The fog whipped by him, loud with hidden creatures, then was gone. As he climbed a rope ladder back onto the docks, the moonlight revealed a tangled mess of boats and lines around the marina, and—most strangely—what appeared to be a startled ram staggering out of the office door on unsteady hooves, its wool dyed a bilious and garish pink.

The guard cursed aloud, shaking his fist at the departing mist, which was moving rapidly down the Beach Road, and only mocking laughter answered him.

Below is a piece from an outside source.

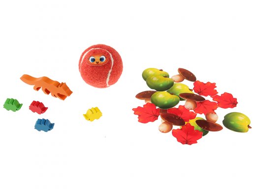 Соревнуйтесь с друзьями в ежиной перекати-гонке: бросайте мохнатый мячик на жетоны-липучки и собирайте яблочки, листочки и грибочки, чтобы продвинуться по лесной тропинке к домику ежа.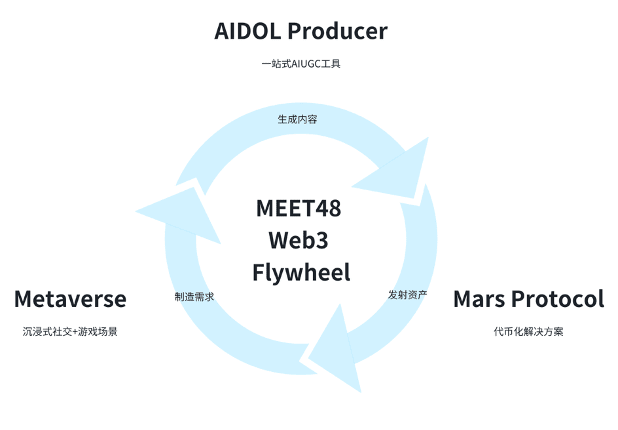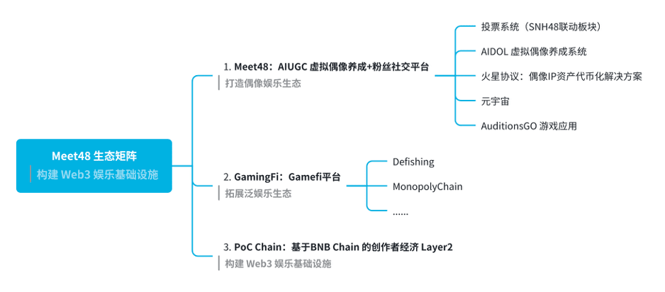 3. Na úrovni toku, MEET48 v počáteční fázi přenese hlasovací mechanismus SNH48 na blockchain, aby vnesla raný tok do platformy AIUGC; uvádí na trh Web3 virtuální idol hru (AuditionsGO) a spolupracuje s Tencent Video na vytvoření prvního globálního AI Idol soutěžního programu, který pomůže produktům překonat hranice a vstoupit do hlavního proudu.

The mist advanced toward Ballemór proper. It being a Friday midnight, the main square there was still crowded, and those out on the streets turned in alarm as the wall of fog advanced on them without warning, with its blaring of ethereal trumpets, hooves, and voices and glimpses of strange, martial figures inside. The fog overran the moon and blurred the streetlamps, filling the main square before squatting stolid, heavy, and unmoving there. The residents of Ballemór ran aimlessly about, shouting their alarm and confusion: as the trumpets blared once, then stopped; as the clamor of hooves on the road faded to the breathy whinnying and stamping of horses reined in after a long gallop; as the sound of clinking armor rose around them; as mocking voices and unseen hands assailed the people from seemingly every side. The residents fled in any direction they could. They thought they glimpsed a squadron of ghostly, ancient warriors marching down the road through the mist, moving purposefully and steadily, the rapping of their spears on the ground terrible and frightening.